Ouroboros: Seasons of Life

1994. I sang in the chorus in the premiere of Kay Gardner’s seminal work, Ouroboros: Seasons of Life. This is still one of the most memorable experiences of my performance life. The rehearsals were held at the IU music school, which I hadn’t set foot in since leaving 7 years before. The healing power of the music and my sister singers helped me release the bitterness of the past and embrace the present.

We worked with the intensely talented Cathy Roma of Cincinnatti’s Anna Crusis Women’s Choir. None of the singers were auditioned, and the music was quite challenging, so Cathy pulled off a minor miracle by pulling us all up to performance grade in under four days.

Since the performance was going to be recorded, and it was a classical oratorio, the audience (packed to the gills in the Indiana University Auditorium) was asked not to clap.
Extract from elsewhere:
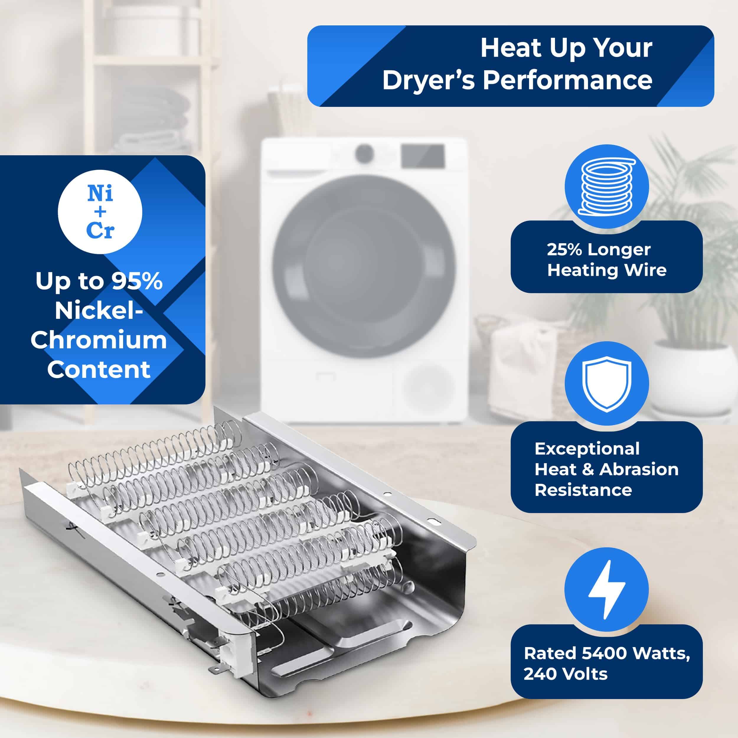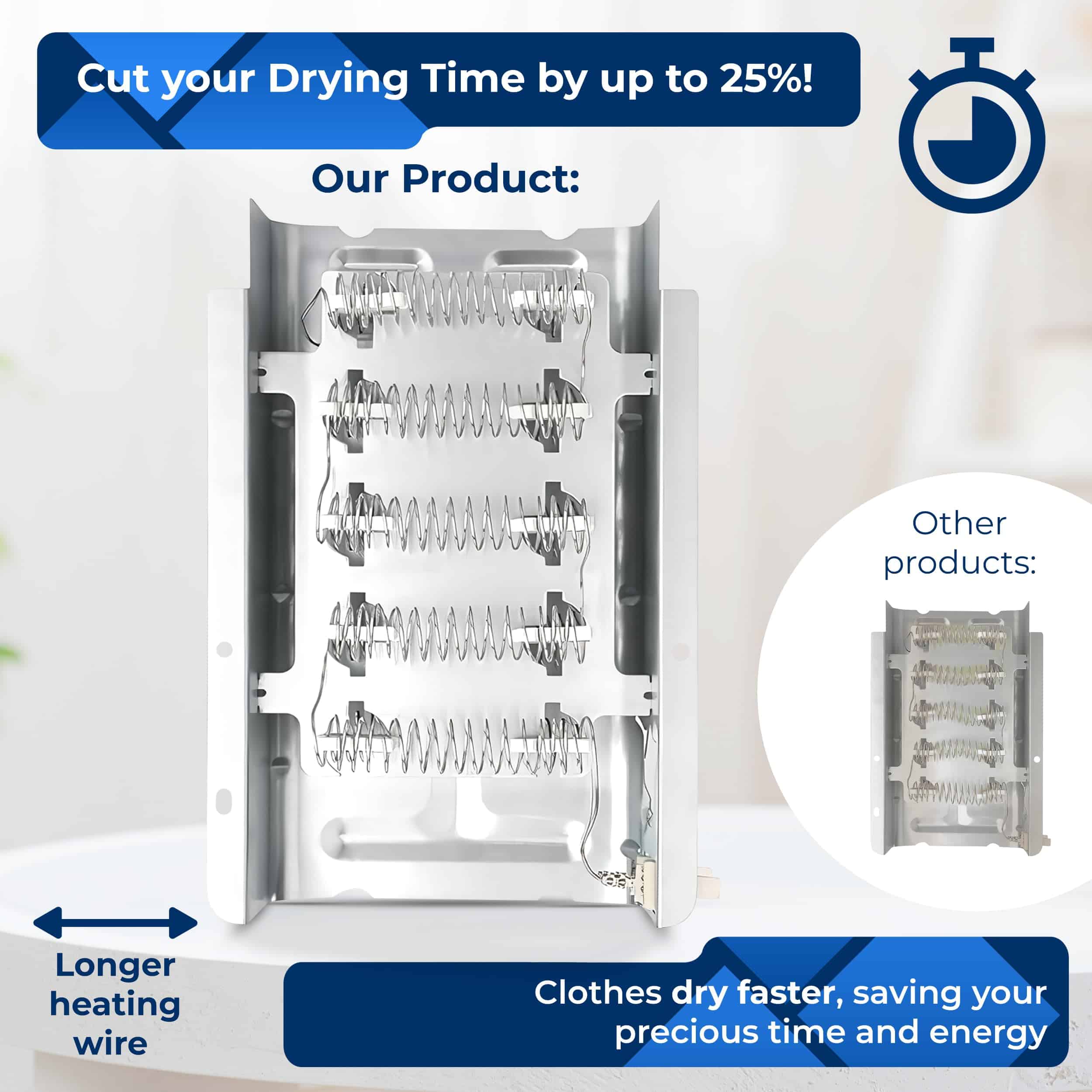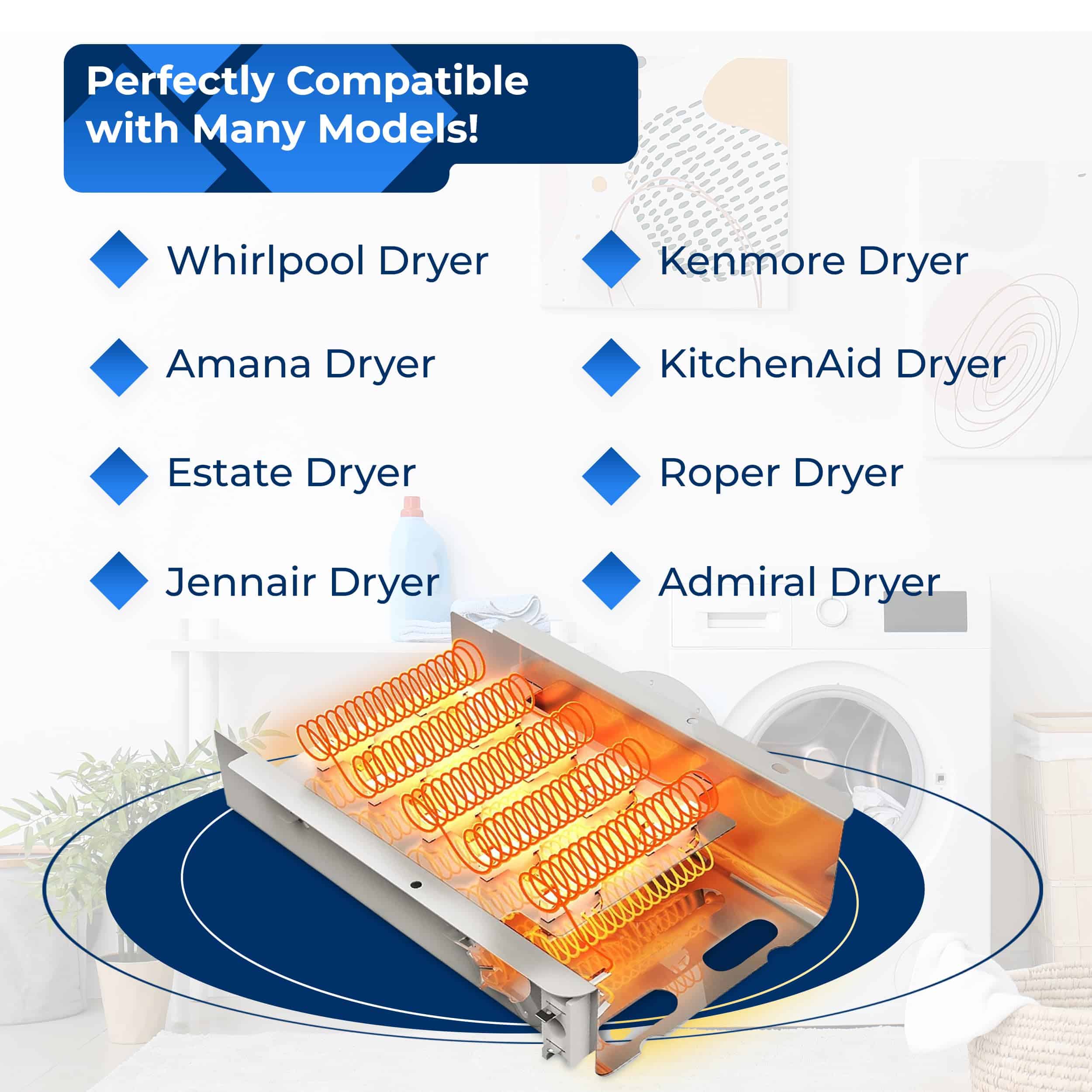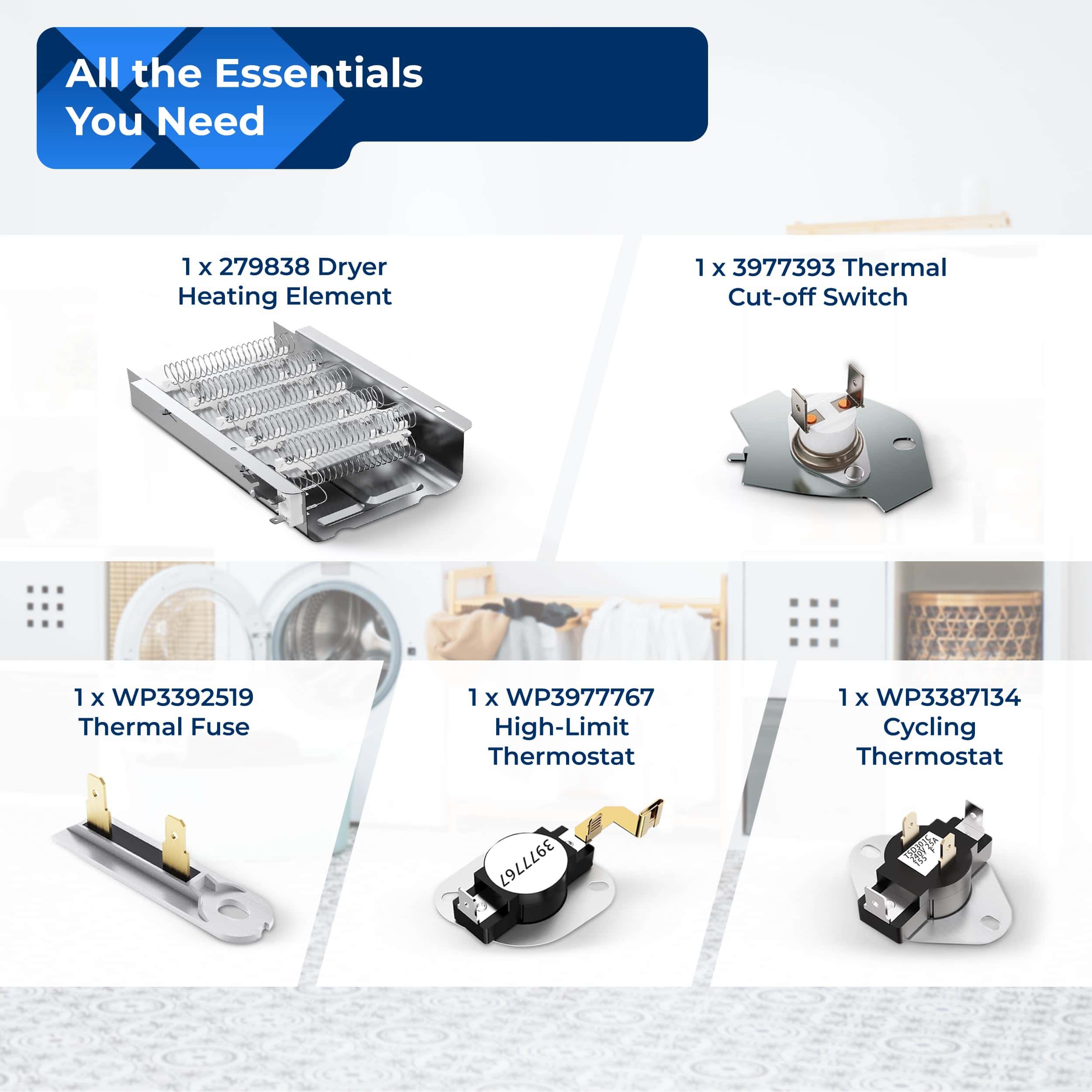 El elemento calefactor 279838 para secadora se ha diseñado para secadoras Kenmore, incluidas las series 70, 80, 90, 300, 400, 500, 600 y modelos 110. Compatible con diversos modelos de las principales marcas como Whirlpool, Amana, Maytag, Roper, Admiral y Estate. Este kit incluye elementos esenciales como el termostato, fusible térmico y jumper wire, lo que garantiza un servicio fiable y eficiente. Si tiene alguna pregunta o necesita asistencia, no dude en consultarnos.

By the second movement, they were desperate to give back some of the energy they were receiving. Some began to make the ASL sign for applause. By the third movement, each pause in music brought a sussurrus of thousands of hands waving in the air, a shimmering field in our vision.

Kay’s piece ended with every singer crooning a comforting song from her childhood. I choose Poor Robin Is Dead, an old Irish Pagan children’s song of death and resurrection that’s a family tradition handed down through my (namesake) grandfather. The overall effect of the hundred-odd whispered songs is unlike anything I’ve heard in music—unforgettable.

The entire production was created and executed by women, down to the stagehands. I’d never experienced such a positive, can-do, committed sisterhood and was my introduction to the power of women’s mysteries. I was intensely proud of our achievement and became attuned to the different energies of same-gender and mixed-gender settings (all of which are good!).